• _GIVEN RECORDS_:
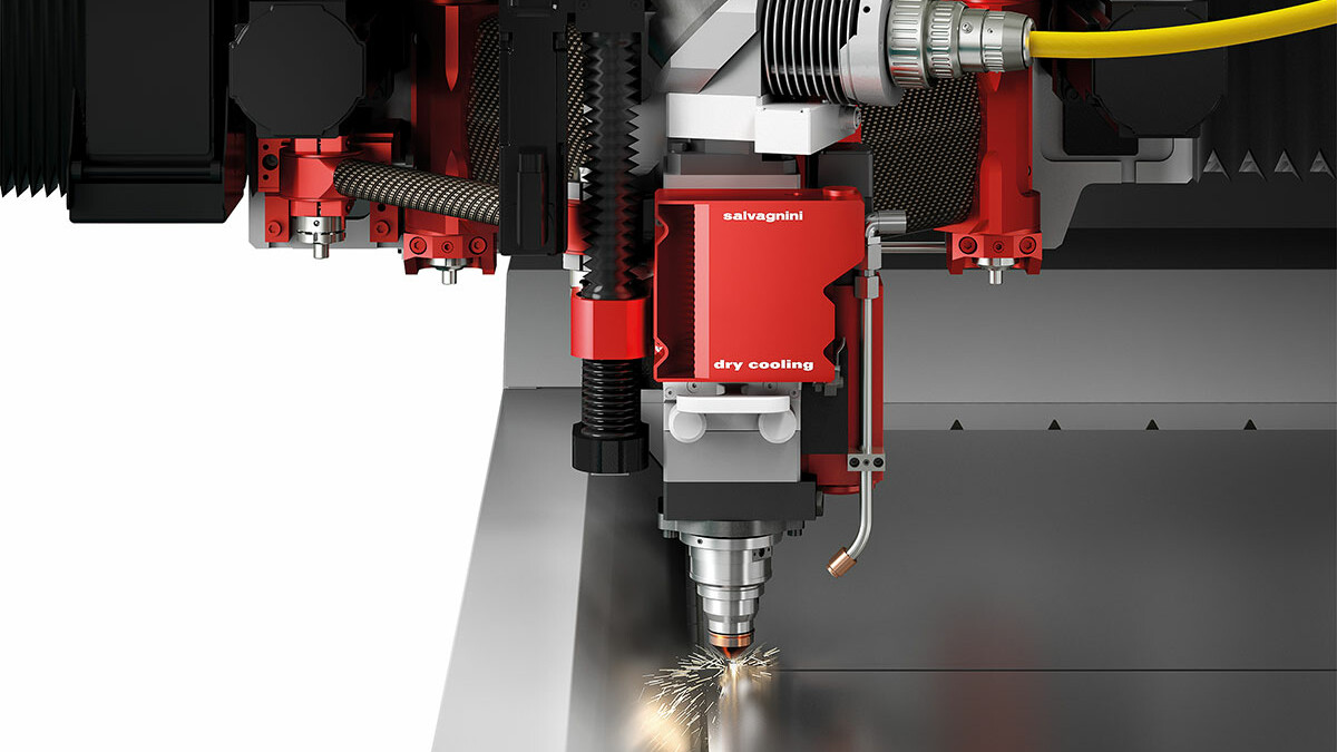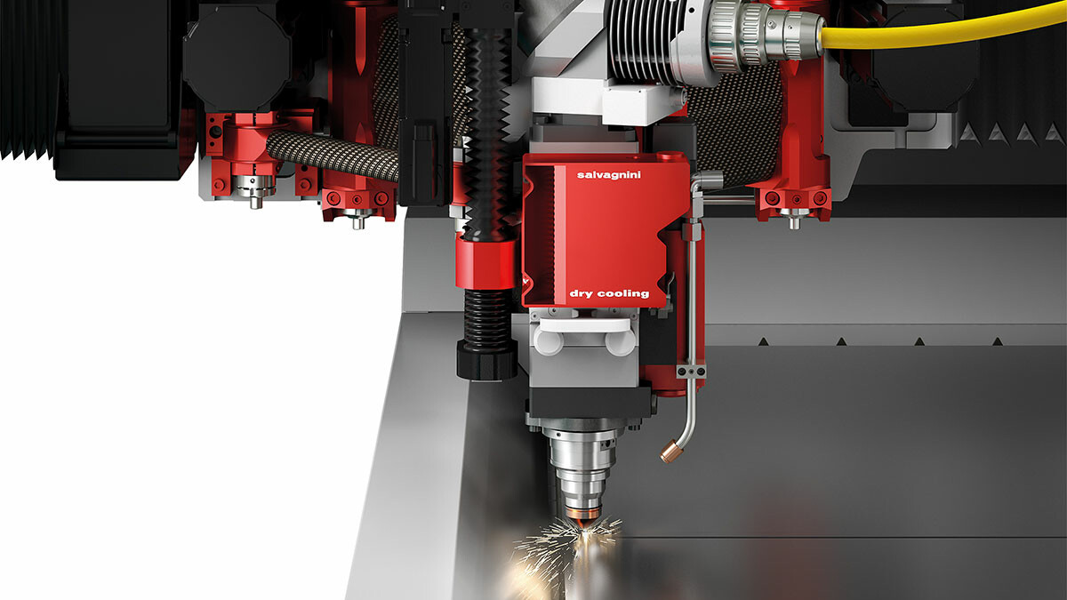 The L5 is equipped with a single laser head, designed by Salvagnini, used to cut all the allowed materials and thicknesses. It is mounted on a carbon fiber compass system with advanced kinematics that moves the head on the XY plane with dynamics of up to 5g on short movements. It is equipped with the patented DRY-COOLING system, used to actively control the temperature of the optics. Its process sensors control and adapt the piercing in real time, monitoring any cutting losses, stopping the process, and restarting it with appropriately corrected parameters. The TRADJUST function, integrated into the proprietary control, ensures automatic parameter modulation according to the trajectories, making the system easier to use.
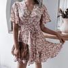 Kadın Yazlık Elbise Çiçek Baskılı V Yaka Kısa Kollu A Kesim Fırfırlı Pileli Şık
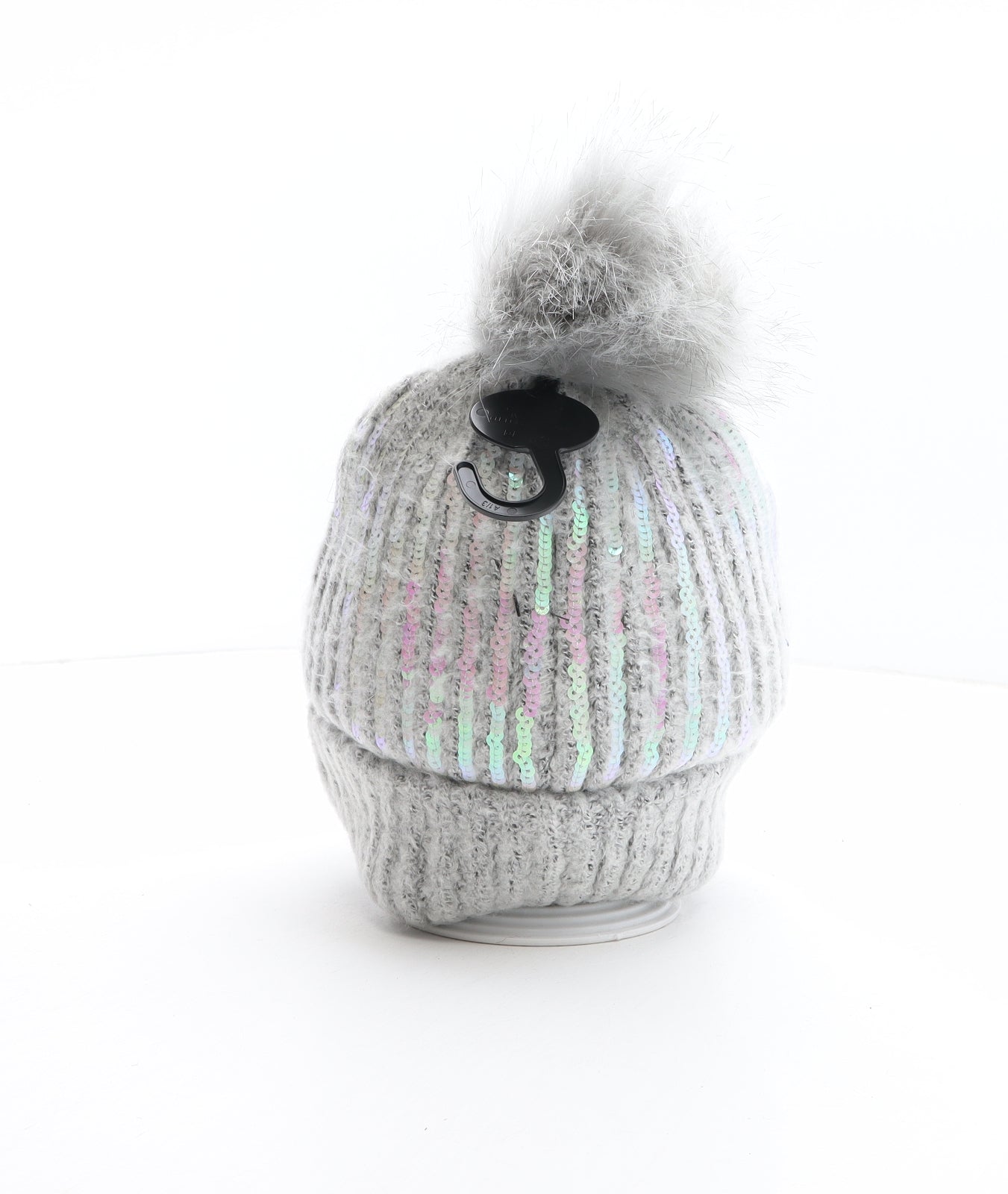 Girls Grey Acrylic Bobble Hat One Size - Iredescent
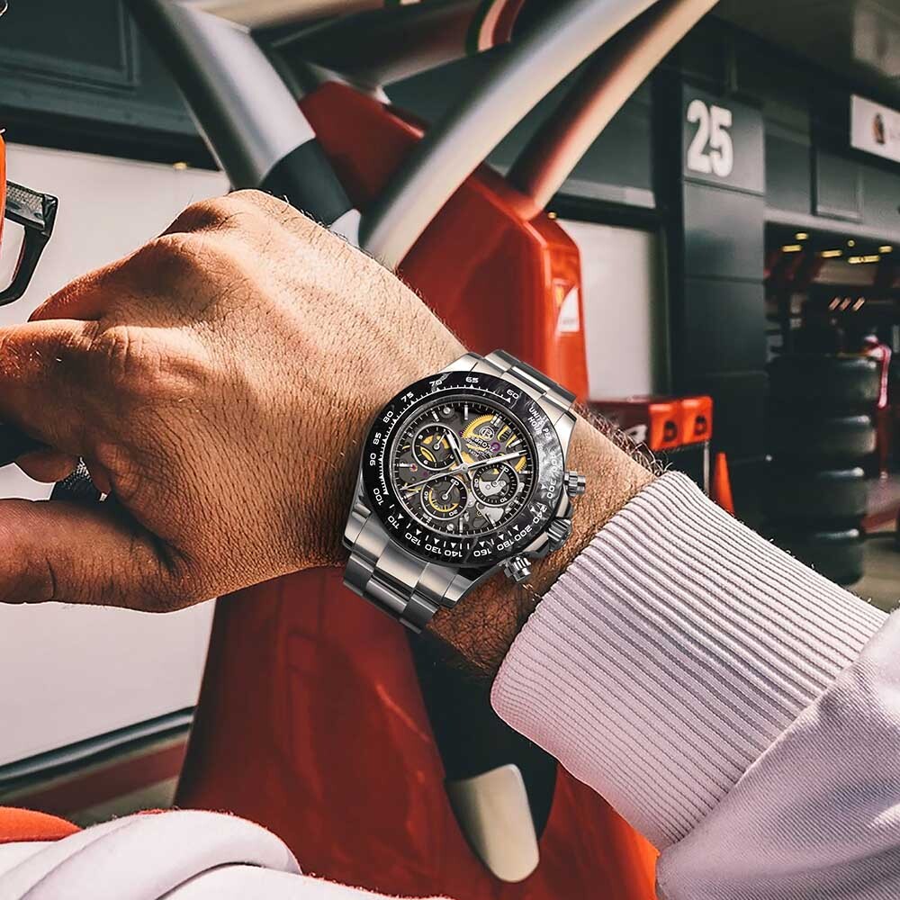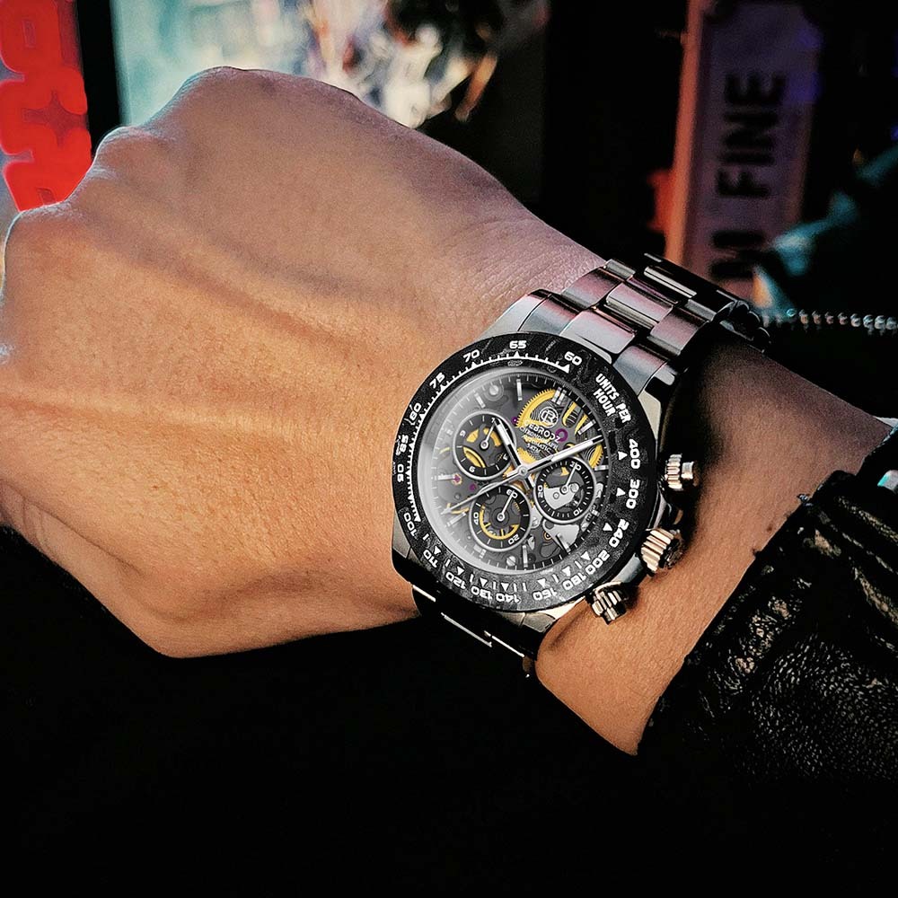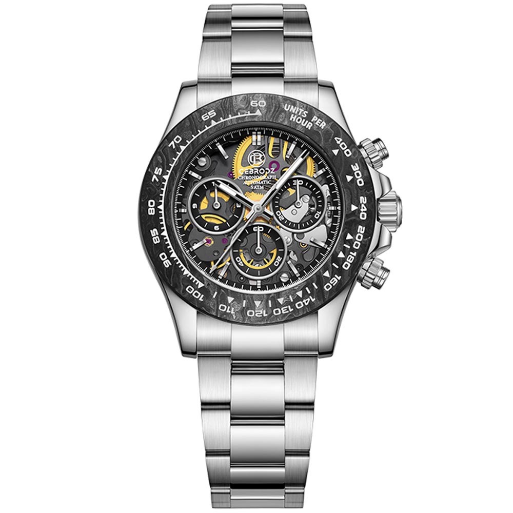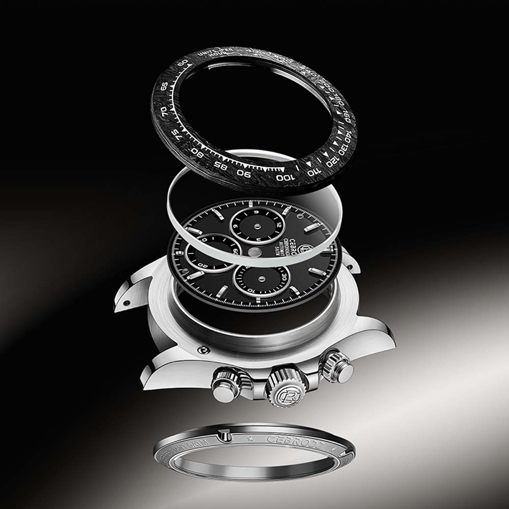 Cebrodz【銀匠系列】碳纖款採用904等級不鏽鋼打造,堅實結構中蘊藏細膩工藝,正面採鏤空錶盤設計,並搭載導柱輪結構的自動上鍊計時碼錶機芯;外框搭配可換式黑色碳纖維計時錶圈,輕量、高強度,同時展現出運動與科技的精準美感。碳纖維的紋理在光影下閃耀,為整體設計注入剛柔並濟的現代靈魂。
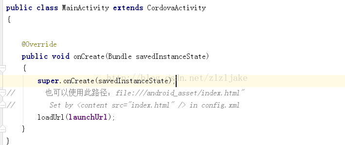 第一种继承CordivaActivity类,然后直接使用loadUrl(launchUrl)即可。这里的launchUrl指向config.xml里面的<content src= "index.html"/>,此时的index.html是我们项目本地www文件夹下的网址,只需要替换成服务器上的地址即可。例如改成<content src= "http://www.baidu.com"/>,就可以直接打开百度的网页。
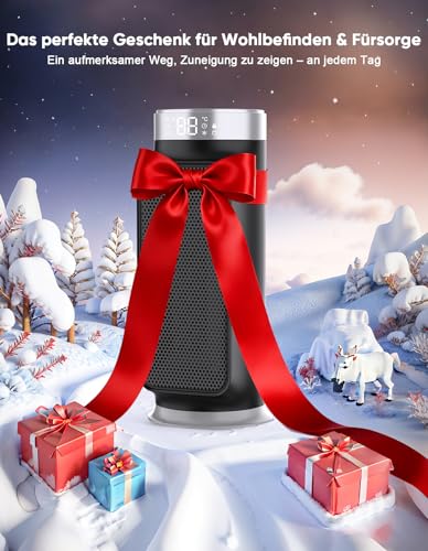 Der 1800W PTC Heizlüfter mit Fernbedienung sorgt für schnelle Wärme in Innenräumen – ideal für Büro, Zuhause oder Arbeitsbereiche. Die Nutromo Dual-Fan-Technologie liefert zielgerichtete Wärme dort, wo Sie sie benötigen, sei es unter dem Schreibtisch oder im gesamten Raum. Mit einer Leistung von 1800W und einem umfassenden 360°-Sicherheitssystem genießen Sie sorgenfreien Betrieb: Kipp- und Überhitzungsschutz, ein flammbeschützendes Gehäuse und ein sicherer Stecker. Der ECO-Modus mischt Energieeffizienz mit komfortabler Wärme, während der 1°F-gestufte Thermostat (41–95°F) eine präzise Temperaturregelung ermöglicht. Die 75°-Oszillation sorgt für gleichmäßige Wärmeverteilung im ganzen Raum, vom Schlafzimmer bis zur Garage. Ein leiser Betrieb dank bürstenlosem DC-Motor und aerodynamischem Lüfterdesign (ca. 25 dB) macht den Heizlüfter besonders geeignet für konzentriertes Arbeiten oder ruhigen Schlaf. Die integrierte Fernbedienung ermöglicht die komfortable Steuerung von der Couch oder vom Bett aus, sodass Sie Ihre Wohlfühltemperatur ganz unkompliziert einstellen können. Zusätzlich überzeugt das Gerät durch seine robuste Bauweise und verlässliche Sicherheit – für den Tag- und Nachtbetrieb, auch bei Kindern und Haustieren.
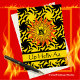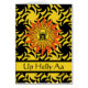 Arriba Helly Aa, tarjeta de saludo del festival de incendios de Shetland con diseño de sol y fuego. El Guizar Jarl está centrado dentro del sol flotando en un ardiente diseño de cielo. Celebración con un tema escandinavo nórdico a fines de enero. Arte, imagen y verso copyright © Shoaff Ballanger Studios, 2023.
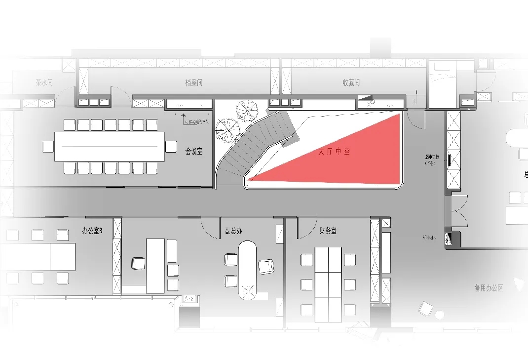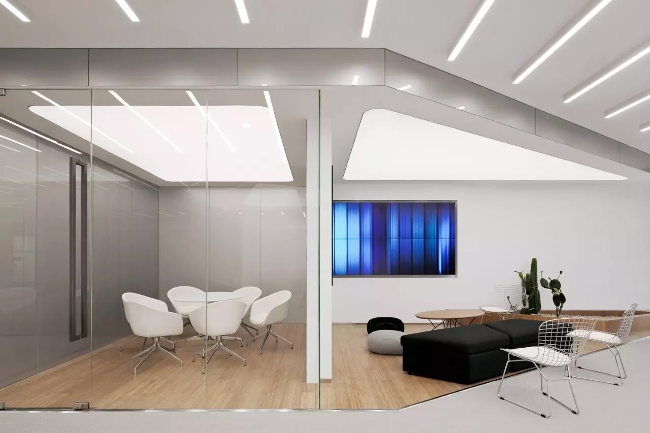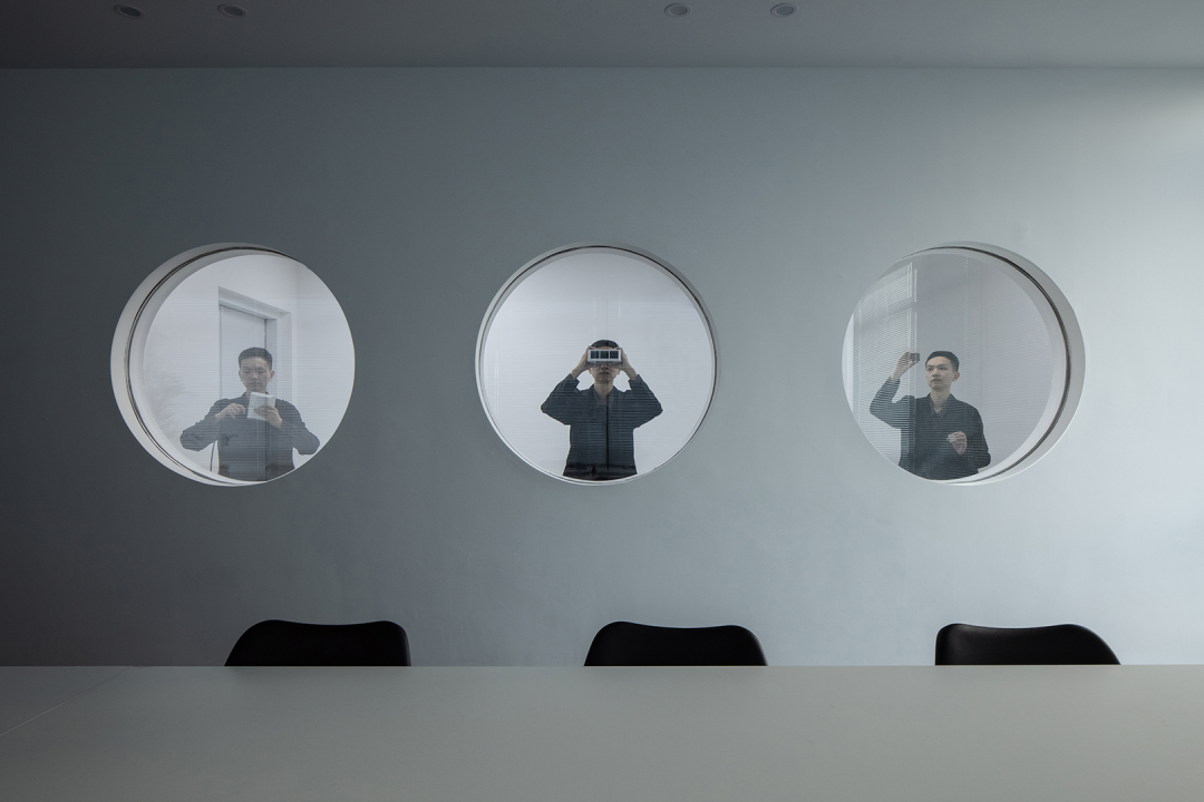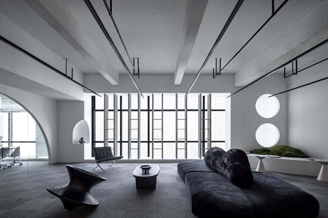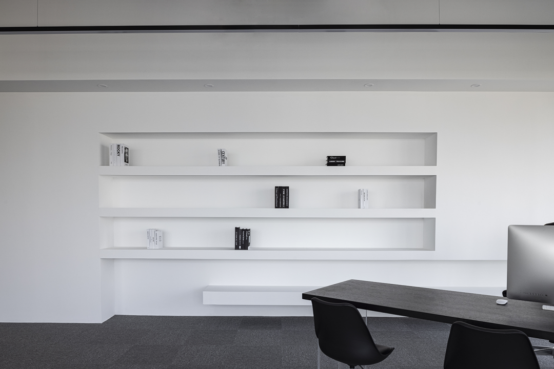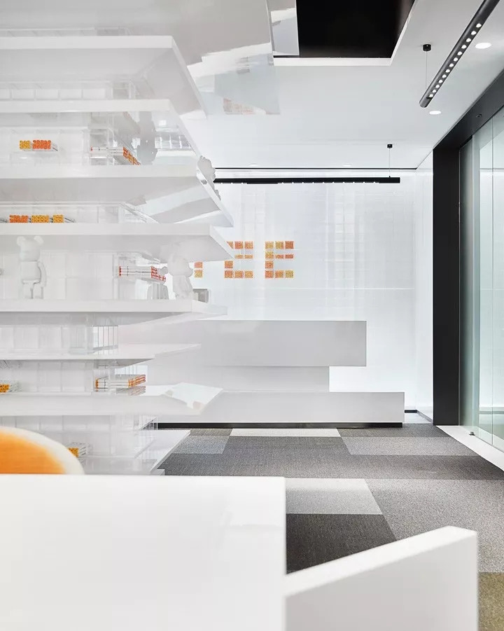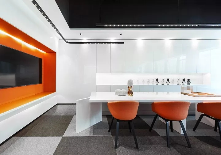 设计师将这个空间设想、定义为一个小型的,资本不厚,务求节约但又好用,人数控制在二十人以内的常规的小型文创类工作室。利用“某某熊”造型和变化的橙色为设计中调节空间氛围的元素,以大面积的白通过形态的不同在灯光下形成多元层次,辅以细微变化的深灰,建立空间秩序。
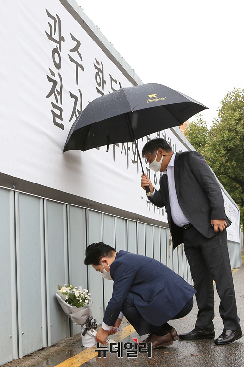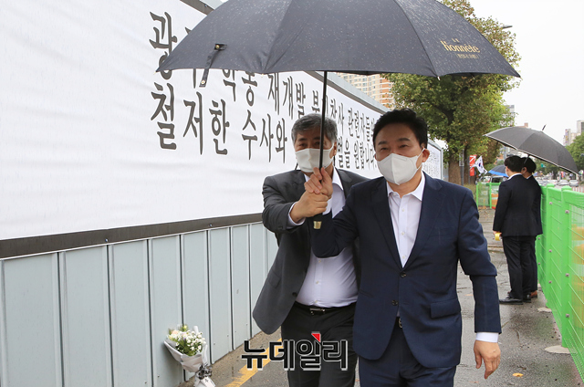 원희룡 국민의힘 대선 예비후보가 11일 오전 광주 동구 학동 붕괴참사 현장 앞을 찾아 헌화하고 묵념하고 있다. (사진=원희룡 캠프)

• _PROBLEM STATEMENT_:
An exact copy of the records above is needed, with the pictures removed.

• _SOLUTION TO THIS TASK_:
 The L5 is equipped with a single laser head, designed by Salvagnini, used to cut all the allowed materials and thicknesses. It is mounted on a carbon fiber compass system with advanced kinematics that moves the head on the XY plane with dynamics of up to 5g on short movements. It is equipped with the patented DRY-COOLING system, used to actively control the temperature of the optics. Its process sensors control and adapt the piercing in real time, monitoring any cutting losses, stopping the process, and restarting it with appropriately corrected parameters. The TRADJUST function, integrated into the proprietary control, ensures automatic parameter modulation according to the trajectories, making the system easier to use.
 Kadın Yazlık Elbise Çiçek Baskılı V Yaka Kısa Kollu A Kesim Fırfırlı Pileli Şık
 Girls Grey Acrylic Bobble Hat One Size - Iredescent
 Cebrodz【銀匠系列】碳纖款採用904等級不鏽鋼打造,堅實結構中蘊藏細膩工藝,正面採鏤空錶盤設計,並搭載導柱輪結構的自動上鍊計時碼錶機芯;外框搭配可換式黑色碳纖維計時錶圈,輕量、高強度,同時展現出運動與科技的精準美感。碳纖維的紋理在光影下閃耀,為整體設計注入剛柔並濟的現代靈魂。
 第一种继承CordivaActivity类,然后直接使用loadUrl(launchUrl)即可。这里的launchUrl指向config.xml里面的<content src= "index.html"/>,此时的index.html是我们项目本地www文件夹下的网址,只需要替换成服务器上的地址即可。例如改成<content src= "http://www.baidu.com"/>,就可以直接打开百度的网页。
 Der 1800W PTC Heizlüfter mit Fernbedienung sorgt für schnelle Wärme in Innenräumen – ideal für Büro, Zuhause oder Arbeitsbereiche. Die Nutromo Dual-Fan-Technologie liefert zielgerichtete Wärme dort, wo Sie sie benötigen, sei es unter dem Schreibtisch oder im gesamten Raum. Mit einer Leistung von 1800W und einem umfassenden 360°-Sicherheitssystem genießen Sie sorgenfreien Betrieb: Kipp- und Überhitzungsschutz, ein flammbeschützendes Gehäuse und ein sicherer Stecker. Der ECO-Modus mischt Energieeffizienz mit komfortabler Wärme, während der 1°F-gestufte Thermostat (41–95°F) eine präzise Temperaturregelung ermöglicht. Die 75°-Oszillation sorgt für gleichmäßige Wärmeverteilung im ganzen Raum, vom Schlafzimmer bis zur Garage. Ein leiser Betrieb dank bürstenlosem DC-Motor und aerodynamischem Lüfterdesign (ca. 25 dB) macht den Heizlüfter besonders geeignet für konzentriertes Arbeiten oder ruhigen Schlaf. Die integrierte Fernbedienung ermöglicht die komfortable Steuerung von der Couch oder vom Bett aus, sodass Sie Ihre Wohlfühltemperatur ganz unkompliziert einstellen können. Zusätzlich überzeugt das Gerät durch seine robuste Bauweise und verlässliche Sicherheit – für den Tag- und Nachtbetrieb, auch bei Kindern und Haustieren.
 Arriba Helly Aa, tarjeta de saludo del festival de incendios de Shetland con diseño de sol y fuego. El Guizar Jarl está centrado dentro del sol flotando en un ardiente diseño de cielo. Celebración con un tema escandinavo nórdico a fines de enero. Arte, imagen y verso copyright © Shoaff Ballanger Studios, 2023.
 设计师将这个空间设想、定义为一个小型的,资本不厚,务求节约但又好用,人数控制在二十人以内的常规的小型文创类工作室。利用“某某熊”造型和变化的橙色为设计中调节空间氛围的元素,以大面积的白通过形态的不同在灯光下形成多元层次,辅以细微变化的深灰,建立空间秩序。
 원희룡 국민의힘 대선 예비후보가 11일 오전 광주 동구 학동 붕괴참사 현장 앞을 찾아 헌화하고 묵념하고 있다. (사진=원희룡 캠프)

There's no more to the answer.